No Time Off For Holidays

It looks like Jewish rituals are being used as the latest weapons in the ongoing legal battle between the National Council of Young Israel and its affiliate and tenant, the Young Israel of Fifth Avenue.
Last week the NCYI tried to bar YIFA from using a meeting room for Yom Kippur services.
An emergency ruling by an appellate court judge issued Sunday (Yom Kippur was to start that evening) in the lobby of his Upper East Side residence allowed a special Day of Atonement service to be held as planned. Last week, a judge declined to rule on the case, citing separation of church and state.
But synagogue attorneys were in court this week trying to make sure YIFA can use the sukkah on the roof of NCYI’s headquarters on West 16th Street, as the congregation has for years.
"It seems [NCYI is] elevating the legal dispute over required religious observances," said YIFA attorney Michelle Pahmer.
The Tuesday court hearing follows NCYI’s demand that YIFA obtain $5 million in liability insurance, $5 million in caterer’s liability, city permits for construction and public assembly, and the hiring of two security guards in order to use the sukkah next week.
Both sides agree this is the first time such conditions were imposed by NCYI. But they disagree about the intent.
YIFA president Victor Bellino suggests that NCYI’s unprecedented denials and conditions are payback against the YIFA public campaign opposing NCYI’s sale of its headquarters to condominium developers for $5.4 million.
"One can only come to the conclusion it’s contrived," Bellino said.
But NCYI attorney Ken Fisher says there are good reasons for the new conditions and denies they are related to the legal disputes.
Fisher says NCYI turned down YIFA’s request to use the fourth-floor room because a Sephardic minyan, which had previously used the space, caused damage and left the floor in disarray. Also, the Sephardic minyan "is not part of the Young Israel movement," he said, and is not entitled to access.
Bellino acknowledges that some picture frames of past NCYI presidents were damaged when the Sephardic worshipers took them off the wall to pray. He says he offered to pay for new frames last year but never heard back.
Anyway, he says, the Sephardic minyan and a beginner’s minyan are legitimate YIFA-sponsored events.
Fisher says the sukkah conditions are necessary to cover NCYI’s insurance requirements and ensure security. He says NCYI was shocked that in response to its demands, issued Sept. 30, YIFA went to a secular court three days later and not a religious court.
NCYI is more sensitive to security since 9-11, Fisher says, citing the discovery of Young Israel’s name and address in an al-Qaeda cave in Afghanistan. He also revealed that security problems have recently increased in the building.
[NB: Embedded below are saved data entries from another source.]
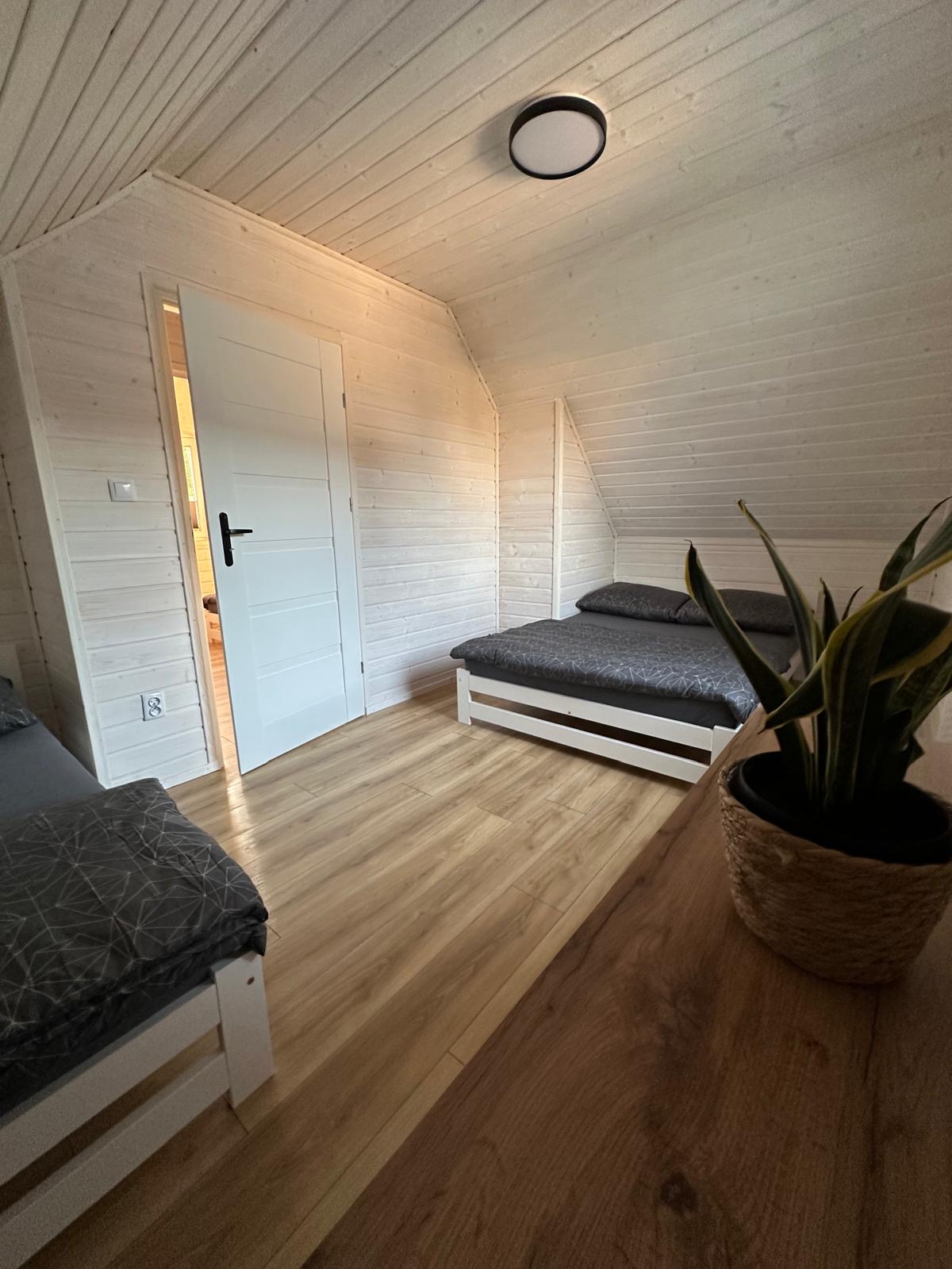 Każdy domek posiada dwie oddzielne sypialnie (jedna z wyjściem na balkon) – a w każdej z nich łóżko podwójne oraz łóżko pojedyncze. Wygodne materace, cicha okolica zapewniają idealne warunki do wypoczynku.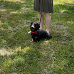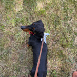 ich bin Arica, eine stattlich gewachsene Dackeldame. Ich habe es geschafft, vor einem Jahr mein Frauchen glücklich zu verheiraten. Ich wurde am 13.07.2013 gewölft. Nachdem ich dem Kindergarten entwachsen bin, durfte ich mir einen Menschen aussuchen. Meine Wahl fiel auf die Stefanie, die hatte scheinbar schon Erfahrung darin einem Dackel die Führung zu überlassen. Unsere Menschen glauben zwar, dass wir auf sie hören … na gut, lassen wir sie in dem Glauben. Wir waren so glücklich, dann kam sie mit so einem gebogenen Blechtrichter an. Das Ding soll Musik machen und heißt Jagdhorn.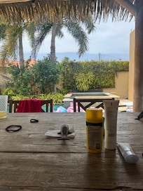 After a day at the beach get away from the crowds and return to your private villa. Enjoy games from cards to dice under the palapa. Not up for a game? Head to your personal pool bar for your favorite beverage. She has four comfy bedrooms and four bathrooms in the main house. She sleeps eight in the main house. Add the detached guesthouse for a 5th and 6th bed (king down and queen in loft) and bath and she will easily accommodate 12 people. Guest house is included at no charge for a group of 8 or more.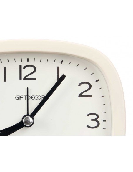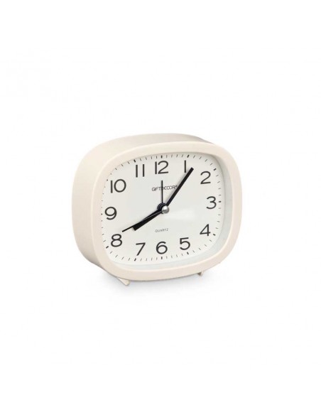 Pequeño reloj de sobremesa con marco de PCV en color crema.
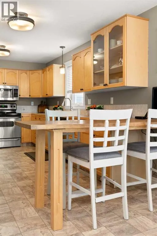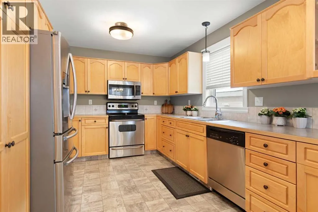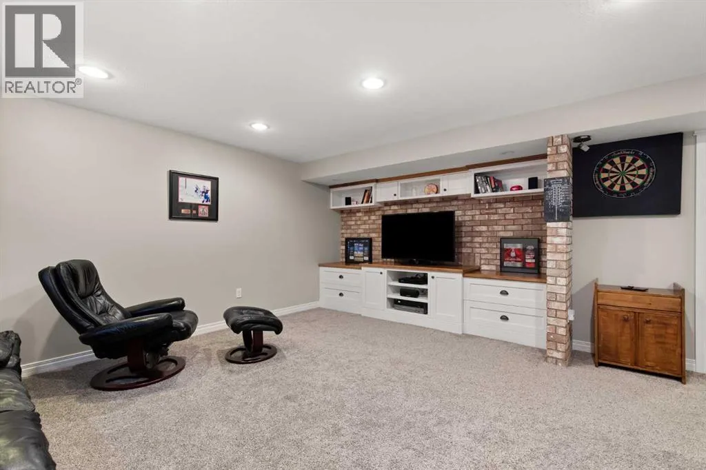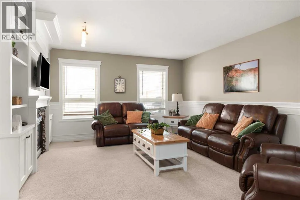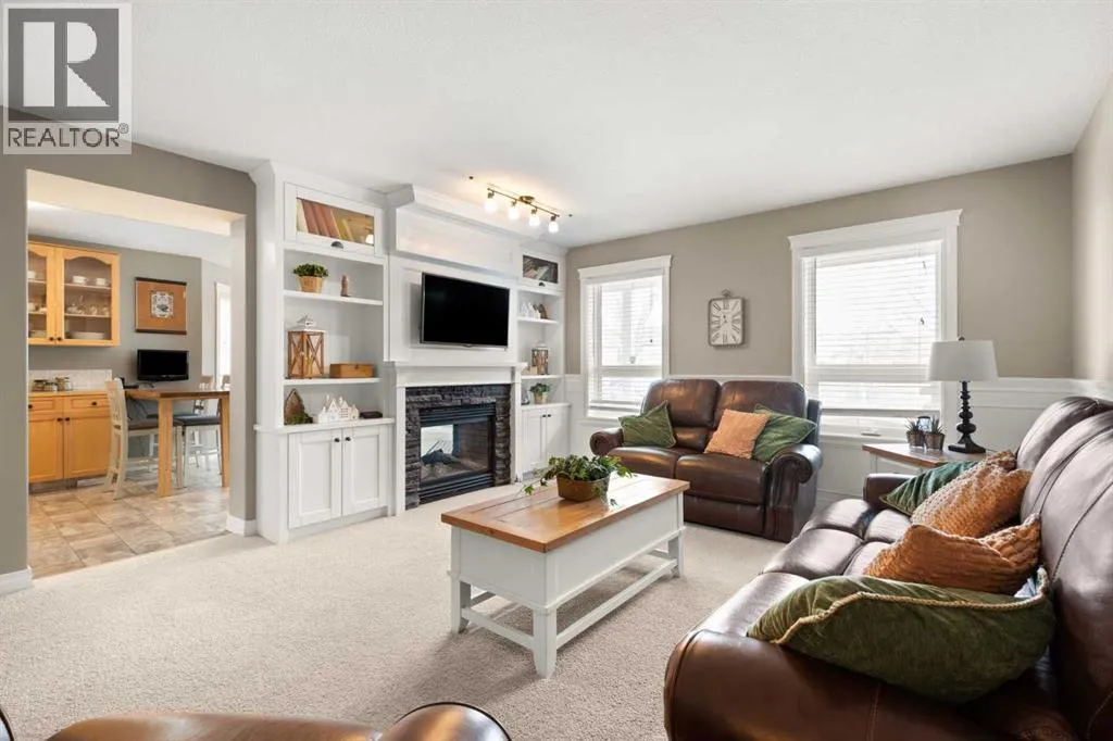 Welcome to 928 3rd Street SW in Redcliff a beautifully maintained 2000 sq ft 1½ storey home with timeless brick curb appeal and a thoughtfully designed layout inside and out. The exterior immediately stands out with its attractive brick frontage, rock landscaping with mature vegetation, and fantastic curb appeal. Step inside to a generous front entryway, where a bright main-floor office sits just off the entrance, featuring a large front-facing window that floods the space with natural light...ideal for working from home or a quiet study. The main floor offers a flexible formal dining area that could also function as a reading nook, secondary living space, or flex area depending on your needs. Toward the back of the home, youâll find a spacious and inviting living room complete with built-in shelving and a stunning see-through gas fireplace shared with the kitchen - a unique feature that adds warmth and character to both spaces. The kitchen is well-equipped with a full stainless steel appliance package, ample cabinetry, generous counter space, and multiple dining options including a dedicated eating area and raised breakfast bar seating. Patio doors provide direct access to the back deck, making indoor-outdoor living effortless. Upstairs, the home offers three bedrooms, including a spacious primary retreat featuring a walk-in closet, a 3-piece ensuite with a full tiled walk-in shower, and exclusive access to a covered private balcony...the perfect spot for morning coffee or evening relaxation. A second full bathroom serves the additional bedrooms. The basement provides even more living space, including a comfortable family room, a 3-piece bathroom, and a versatile bonus area currently set up as a mini stick hockey arena! This space can easily be converted back to storage or adapted to suit your needs. The utility room also offers excellent additional storage. Completing the home is a 22â x 24â attached garage that is finished, insulated, drywalled, heated, and equip ped with built-in shelving. The fully fenced backyard is a true highlight, backing directly onto a green space with no rear neighbours. Enjoy a covered deck plus an additional uncovered patio area, a custom privacy wall for shelter and seclusion and immaculate landscaping filled with perennials and flowers. Thereâs plenty of room for kidsâ play equipment, entertaining, or simply enjoying the outdoors.This is a well-cared-for home offering space, functionality, and privacy in a fantastic Redcliff location. (id:27476)

Fisher says city permits are needed this year because NCYI was fined $500 by the city building department two years ago for failing to have the proper permit. YIFA paid the fine.
Bellino dismissed the fine as a technical matter easily resolved.
On Tuesday, state Supreme Court Justice Milton Williams ordered that YIFA could use the sukkah if it obtained $2 million in liability and caterer’s insurance and "all required permits," and provided "adequate security." Bellino said YIFA intended to comply.
The growing hostility stems from the plan to sell the building.
YIFA says NCYI acted in bad faith to approve the sale, which would put the synagogue out of business. YIFA says the sale violates Jewish law, and NCYI’s stated mission to support synagogues.
NCYI claims it needs the money, has to pay a $4 million debt to the state, and that it unsuccessfully tried to work out a deal with YIFA to find alternative space. The battle is being waged both in rabbinic court and state court.
In September a state judge voided NCYI’s board vote last year approving the building sale. The board voted again two weeks ago and approved the sale.
It’s not clear if state Attorney General Eliot Spitzer needs to re-approve the deal under New York’s religious corporation law.